Hines' wife Katy is eight-months pregnant with their second child. She buried her husband on Friday. 

Katy Hines had just moved back into her parents' home and woke up to find her sister's car consumed by flames. 

Investigators believe the flags piled underneath were used to start the fire. 

One neighbor says he didn't think the vandals were making a political statement but were possibly drunk. 

Police say whoever set the fire will face arson charges. 

"It's beyond the pale. It is beyond the pale," said Bob Kramer. 

"I don't think it's a political statement," said Kramer. "I don't think it's random. I think it's some really stupid kids, maybe drunk I don't know, but it's despicable and I hope they are caught." 
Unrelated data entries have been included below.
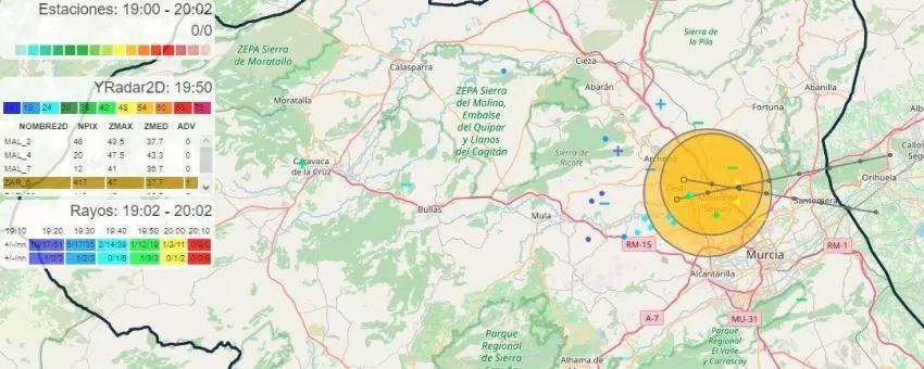El Ayuntamiento de Murcia ha activado el dispositivo especial ante el aviso naranja por lluvia decretado por la AEMET en el que se anuncian lluvias para esta noche que pueden alcanzar los 30 mm en una hora y amarillo para mañana martes y el miércoles con lluvias de hasta 20 mm.
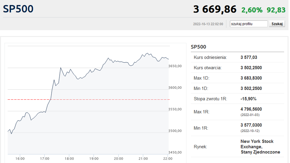 Potem jednak stało się coś, co trudno wyjaśnić. Silne spadki szybko zmieniły się w jeszcze mocniejsze wzrosty. Finalnie S&P500 zakończył dzień na poziomie 3 669,86 punktów, czyli 2,6% powyżej środowego kursu zamknięcia oraz aż o 5,1% powyżej sesyjnego minimum! Zwrot ten nie był poparty jakąś konkretną informacją zmieniającą postrzeganie perspektyw rynku akcji. Można go co najwyżej tłumaczyć silnym wyprzedaniem rynku po serii sześciu spadkowych sesji z rzędu.
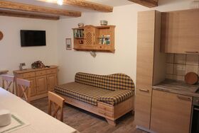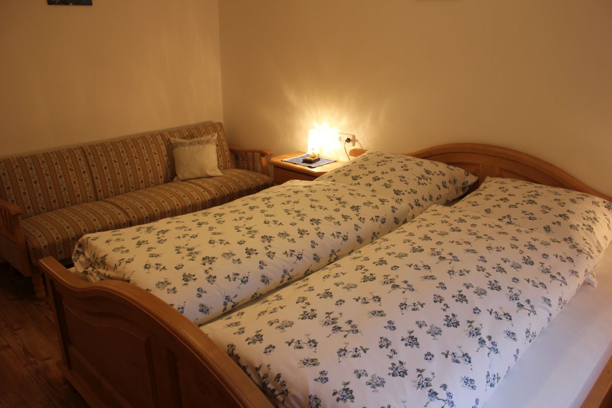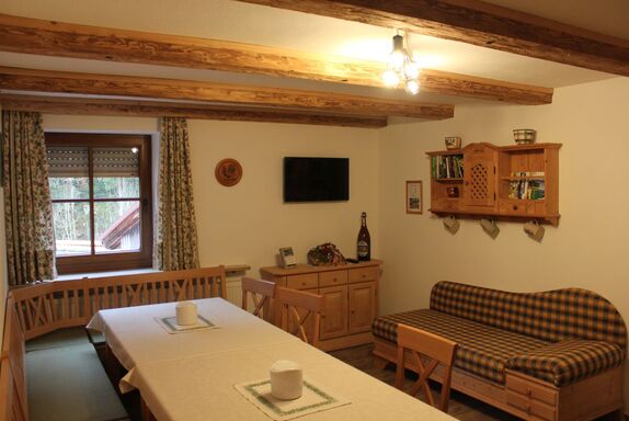 Unsere neu renovierte und liebevoll eingerichtete Ferienwohnung lädt zu einem entspannten und erholsamen Urlaub am Fuße unseres Hausberges, des Teisenbergs ein. Über den separaten Eingang und nur 1 Stufe erreichen Sie die großzügige Wohnung im 1.OG fast barrierefrei. Ein Abstellraum und ein separates WC machen die Unterkunft komplett. In der Küche ist genügend Platz am Esstisch, der auch geteilt werden kann. Mit Geschirrspüler und Tiefkühlfach ist auch die Küche komplett ausgestattet. Die beiden getrennten Schlafzimmer haben jeweils ein Zusatzbett, ein Kinderbett kann auch zur Verfügung gestellt werden. In den Sommermonaten können Sie die Ruhe auf der Liegewiese oder dem Balkon genießen. Ein gesundes und reichhaltiges Frühstück können Sie bei uns jederzeit dazubuchen.
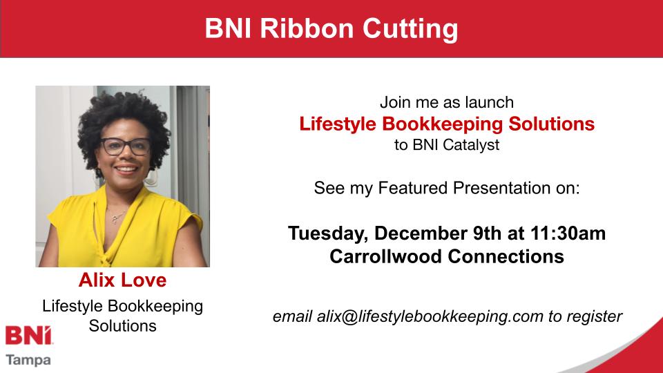 Join me on Tuesday, December 9th for a Ribbon Cutting event as I launch Lifestyle Bookkeeping to BNI Catalyst. Learn about my approach to bookkeeping that provides calm and clarity for small business owners. Contact me for registration details.
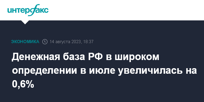 Москва. 14 августа. INTERFAX.RU - Денежная база РФ в широком определении в июле 2023 года увеличилась на 149,6 млрд рублей, или на 0,6%, до 25 трлн 78,8 млрд рублей. Данные опубликованы на сайте Банка России.

"No doubt, the family is very upset," said Sue Rumley, a neighbor. "They had hoped to spend a quiet day together. After what happened this morning, they say they hope, and believe this was a random act. 

The flags, they say, had completley lined their yard. 

"The yard was gorgeous. They had flags all the way around the front, from the street up to their porch," said Rumley. "Whoever did this went clear up to their porch and took the flags down." 

In the meantime the American Legion and others promised Hines' family they would have new flags by the end of the day. 

Hours after the fire a donation of flags arrived at their home. 

In no time, family, friends and neighbors lined the yard once again. 

"I think that's the most important things, don't give up, do not give up. I really feel that way," said Doris Morris, another neighbor. 

After collecting evidence police took the car for further investigation. 

"I'm hoping this is just a random act of stupidity," said Chief Mike Dickey, of the Fairfield police department, "but we're going to keep an eye on things here and act accordingly." 

Saying goodbye to Private Timothy Hines was hard enough. 

Adding insult to such a tragedy is something friends, family and neighbors just can't comprehend. 

More than 400 people gathered Friday in Springdale for Hines' funeral. 

They watched a slide show depicting the soldier's life, including pictures with his first child, two-year-old Lily. 

An Army general presented Hines' wife with the medals her husband earned, including a Purple Heart and a Bronze Star.


----------



## Zombie-F (Apr 12, 2004)

Agreed. This is one of the most despicable things I've ever heard about. Piling this crap on top of a tragedy is just disgusting. I hope they catch the ****ers that did this and they get the book thrown at them.


----------



## mikeq91 (Jul 19, 2005)

Thats just completely rediculous. I just feel bad for the family and all that they have to go through. But I'm glad that they put the flags back up, to show that they made it through. I just can't imagine anyone doing something like that.


----------



## Doctorthingit (Jul 7, 2005)

This is probably one of those local things that just happens when people around the neighborhood know you have a lot of flags, in this case it was their lawn decoration of choice, so I mean house decorations, and you're really proud of it. I really don't think whoever did it knew anything about the tragedy or the woman's pregnancy. The donation of flags hopefully made the family feel a little better about the vandalism/destruction. Does anyone know if the woman's car is okay? I imagine that was as expensive as the flags.


----------



## SuFiKitten77 (Jul 19, 2005)

Honestly, I don't think it really matters if whoever did this evil deed knew about the tragedy .. it was still uncalled for and terrible. And as for the price of the car .. who really cares? I am sure that wasn't the first thing on the family and neighbors minds. But then again, maybe thats just me.


----------



## Doctorthingit (Jul 7, 2005)

SuFiKitten77 said:


> And as for the price of the car... who really cares? I am sure that wasn't the first thing on the family and neighbors minds. But then again, maybe thats just me.


The same could be said about the flags. But it hasn't. Funny. I don't care about cars either, but it's possible more damage was done to the car than the lawn. I'm not saying "poor car", I'm saying poor people if they have to worry about paying a ton to fix the car. Okay?


----------